The Passion is a Dutch passion play, held every Maundy Thursday since 2011 in a different city each year. The event is broadcast live on Dutch television. In 2015 and 2018, it was broadcast on radio as well.

The event began as a collaboration between the broadcasters EO and RKK. At present, it is mainly a joint effort between the broadcasters EO and KRO-NCRV.

The participating organizations consider The Passion missionary work and they see it as a chance to promote Easter and Christianity in general.

Creation 

The Dutch event and television program is partly inspired by the English local play Manchester Passion, held on Good Friday and broadcast by the BBC Three.

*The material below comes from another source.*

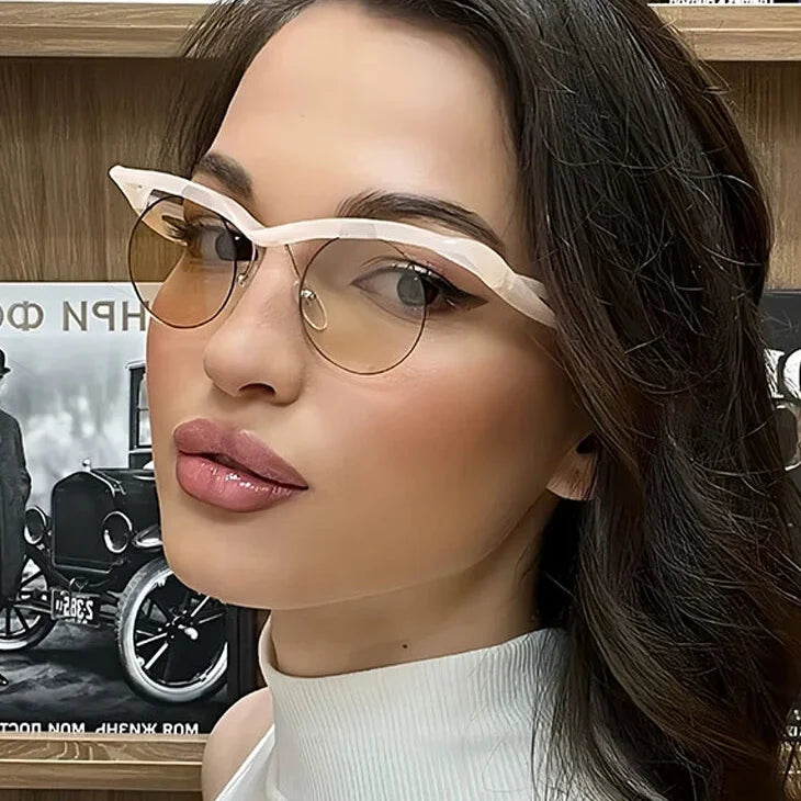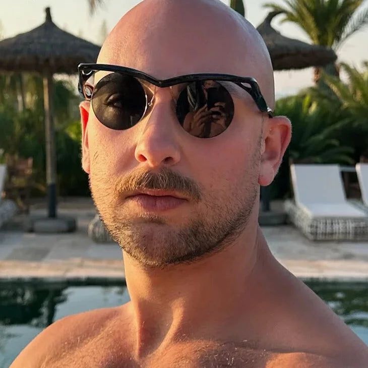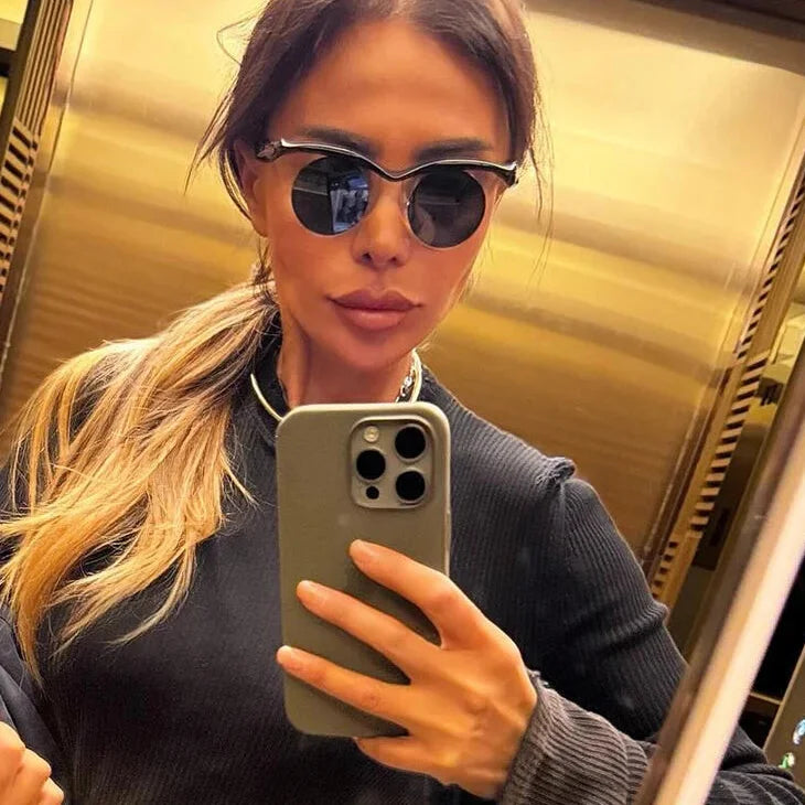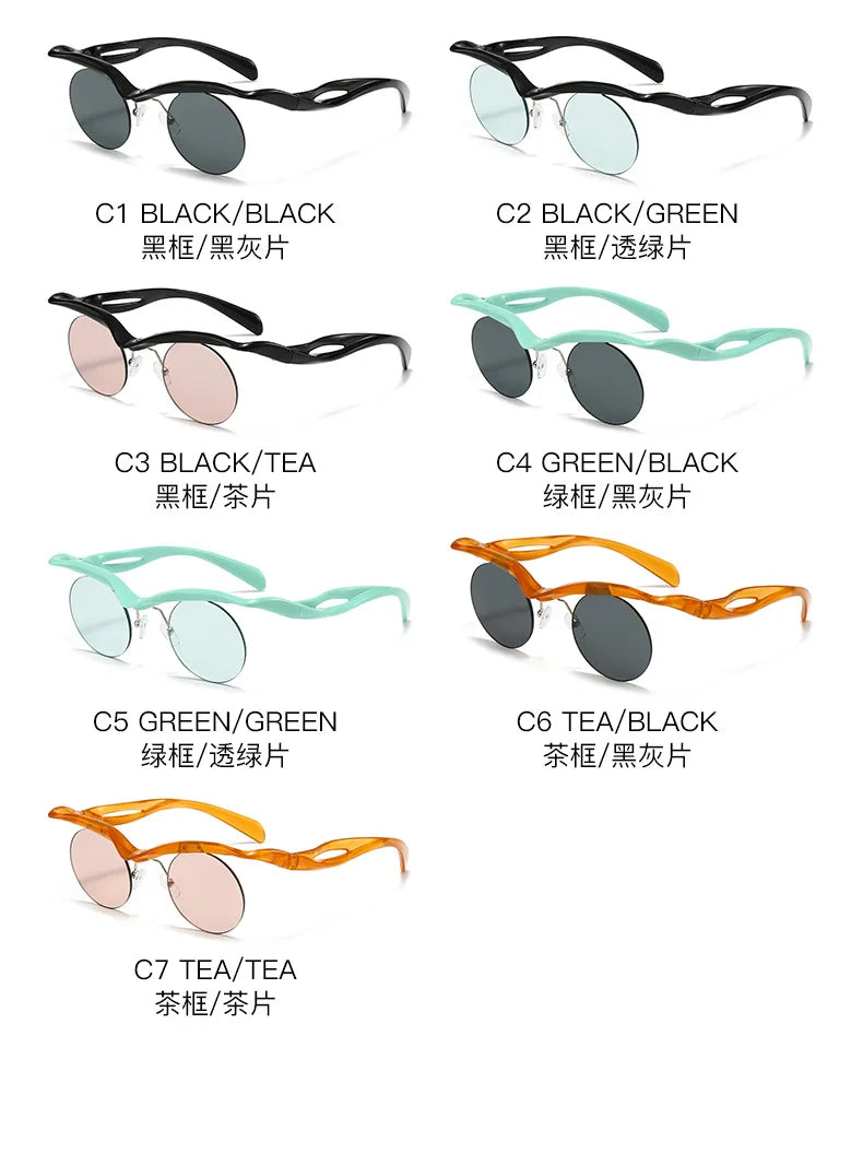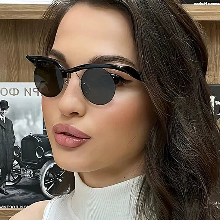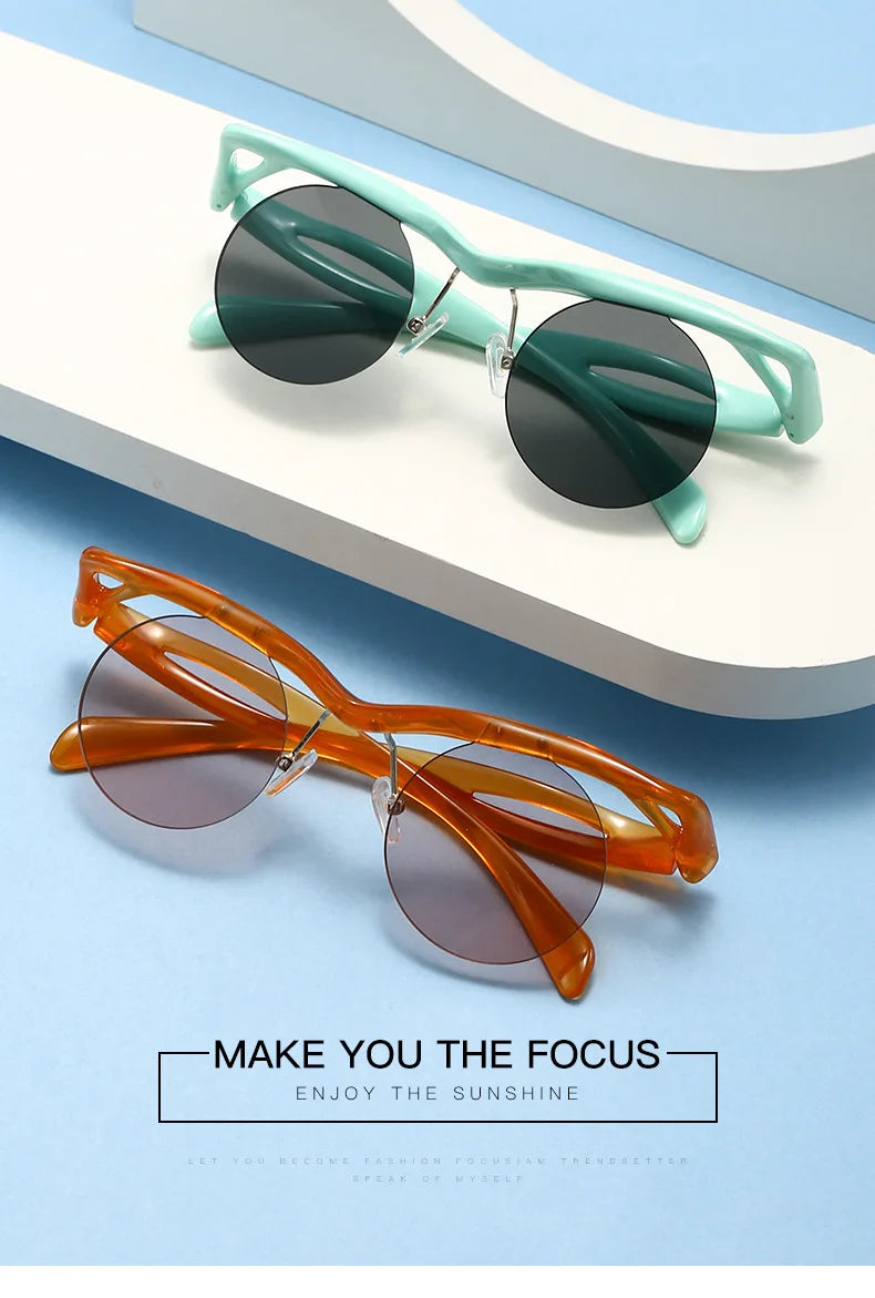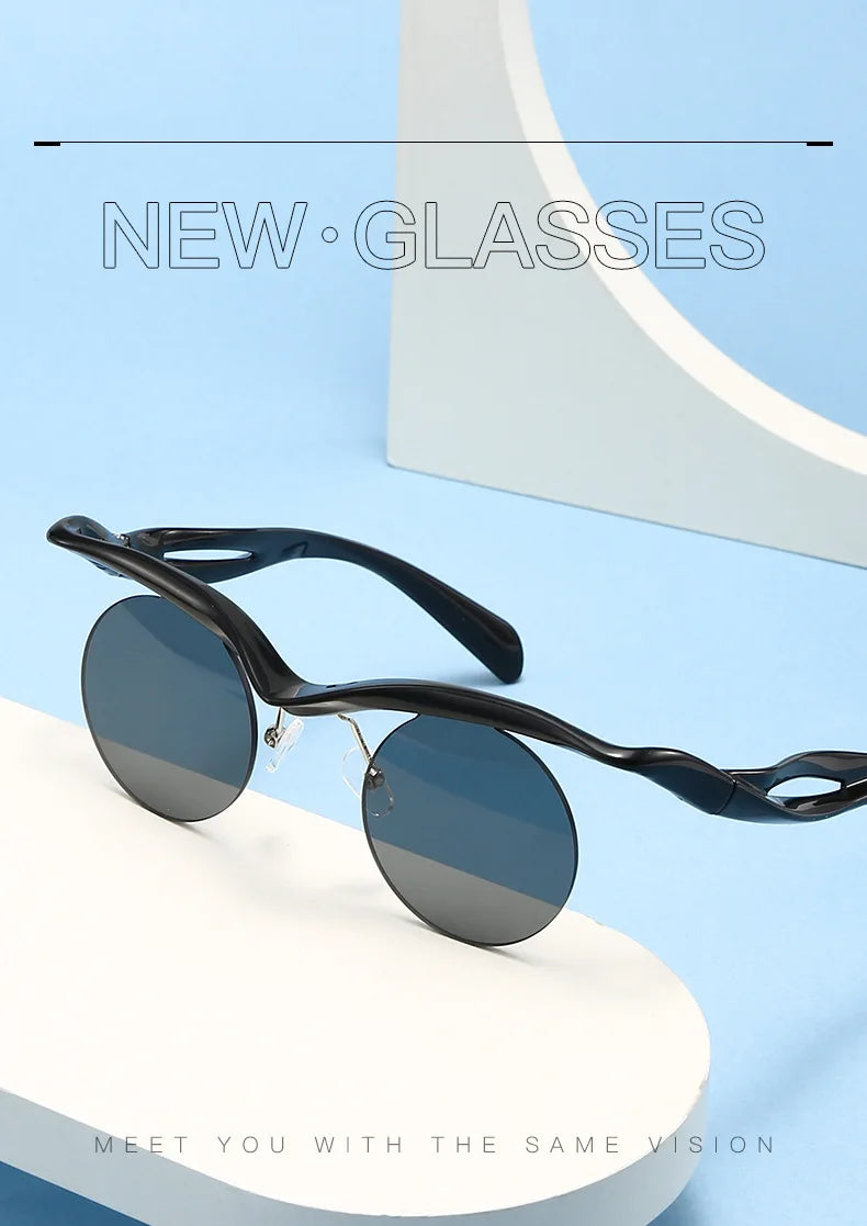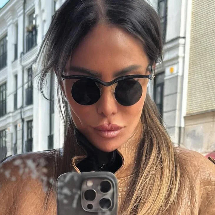 Luxury Vintage Small Frame Round Punk Rimless UV400 Sunglasses for Men and Women

The production company Eye2Eye Media brought the event to the Netherlands. The first Dutch version was held at the market square in Gouda, with a live broadcast on national television on Maundy Thursday 2011. It proved successful and new editions followed thereafter.

Currently, The Passion is a project between the broadcasters EO and KRO-NCRV, the Protestant and Roman Catholic churches in the Netherlands, and the Netherlands Bible Society.

Feature

Structure 

On Maundy Thursday, three days prior to Easter, the event takes place on a main square in a Dutch city. On this square, Dutch celebrities paraphrase selected Bible passages to tell the story of Easter and Jesus, with live performances of relevant Dutch pop songs in between. Throughout the years, songs from Dutch musicians such as Marco Borsato, BLØF, Guus Meeuwis and Nick & Simon have been used. Meanwhile, a group of 40 people bare a huge white cross towards the main podium in the center square. The cross has a weight of almost 900 pounds and it is nearly 20 feet tall. It is possible to follow this event online; with a second screen, people can join the procession virtually on The Passion website.

Location 

The host city is selected annually on the basis of various factors:

 The recognition amongst the Dutch population. A local theme that ties in with the story of suffering and resurrection is helpful. For example, the 2015 edition, staged in Enschede, referred to a fireworks disaster and the subsequent rebuilding of a new urban district called Roombeek.
 The presence of a large space that can carry up to 20,000 — 25,000 people. The performance stage is built in this area. Additionally, an overflow zone is required to safely disperse excess visitors, if need be.
 The possibility to adequately record the different scenes.
 The willingness of the city to provide both financial and practical contributions.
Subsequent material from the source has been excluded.